Общий смысл порогового мышления состоит в том, что элиты создают благовидный предлог для отказа от все хуже работающей модели общества. Такой подход преподносит политические решения как технические и объективно неизбежные, с его помощью можно лоббировать любые инициативы в обход демократических процедур и публичного обсуждения. Это вызывает обоснованную тревогу.
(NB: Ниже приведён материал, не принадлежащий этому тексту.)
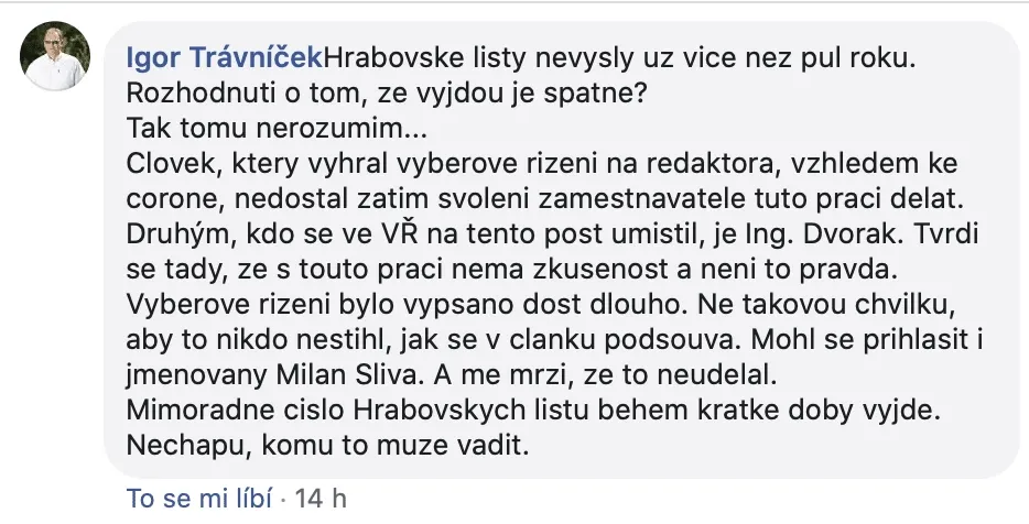 Igor Trávníček obhajuje svůj nápad s mimořádným vydáním Hrabovských listů ve spolupráci s Ing. Dvořákem. V nynější komplikované situaci, kdy nástup nového šéfredaktora je v nedohlednu, to vidí jako správné:

В церковной сфере пороговое мышление также дает о себе знать. Мы все чаще слышим абсурдные заявления о том, что храмы, в которых служат без прихожан, — это не медицинская необходимость, а «знак свыше», что Господь с помощью вируса «изгоняет нас из храмов, так как мы Его прогневали» и вообще конец света уже на подходе. А дальше эта откровенная эзотерика быстро переходит в практическую плоскость и нам предлагают во искупление коллективной вины перед разгневанным Богом срочно реформировать церковь. Список необходимых реформ уже составлен: отмена института патриаршества, выборность епископата, передача кадровой и финансовой политики на уровень благочинных и настоятелей, русификация богослужения и т. д.
Все это — типичная риторика порогового мышления. В околоцерковных кругах появилось словосочетание «богословие после пандемии». Не в первый раз. До этого было «богословие после Освенцима», «богословие после 11 сентября», «богословие после Майдана» и прочее. Подобная риторика сопровождает режим чрезвычайного положения в либеральном формате — требование каких-то безусловных действий, не предполагающее возражений.
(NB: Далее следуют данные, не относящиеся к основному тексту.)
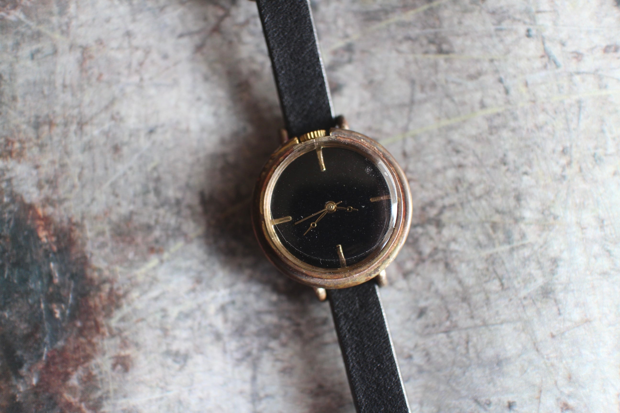黒い文字盤に真鍮の刻みを四つ付けた

Идеологема порогового развития озвучивается сегодня громко и настойчиво. Для этого есть свои социально-экономические причины, а именно критический износ либеральной модели общества и попытка ее охранителей любой ценой удержать позиции. Как раз на тему связи социально-экономических и политико-идеологических процессов написана наша с академиком Сергеем Глазьевым совместная книга «Экономика и общество», которая ждет своего издателя. Многие возникающие нынче вопросы там разобраны.
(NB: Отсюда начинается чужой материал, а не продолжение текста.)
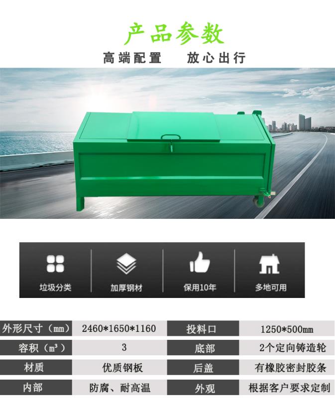 產(chǎn)品簡介:垃圾箱容積:3立方。

Трансформация как процесс оздоровления
Пандемия обострила процесс «вскрытия» проблем, который шел давно, но именно сегодня об этом заговорили практически все. Даже Алексей Кудрин признал кризис «нециклическим». Следовательно — структурным, фундаментальным, который не может закончиться без смены экономической и идеологической модели. Либеральные спикеры уже перестраиваются, потому что меняются условия игры. Например, глобальный транзит капиталов и рабочей силы в рамках пандемии становится проблемным.
При этом современная социология не в состоянии объяснить многие сегодняшние процессы, например грядущее сокращение и распад среднего класса, о которых теперь предупреждают даже представители ВШЭ. Средний класс, рожденный вообще-то in vitro — из экономический пробирки, — перестает быть гегемоном. Его представители переходят в разряд социальных низов. Это происходит потому, что буксует экономика стимуляции спроса, а вместе с ней подрываются основы привычного нам «общества потребления». Статусное потребление (этот наркотик среднего класса) будет уменьшаться, производство в идеале станет обслуживать лишь безусловные, жизненно важные потребности. В христианстве это называется аскезой. Но именно такому образу жизни нас учит карантин. Эта тенденция может привести к оздоровлению общества. Шоу-бизнес, гламур, цифровые проекты — все это должно просесть как дорогие, но необязательные развлечения. Нам сложно было встать на путь такого оздоровления, но коронавирус заставил.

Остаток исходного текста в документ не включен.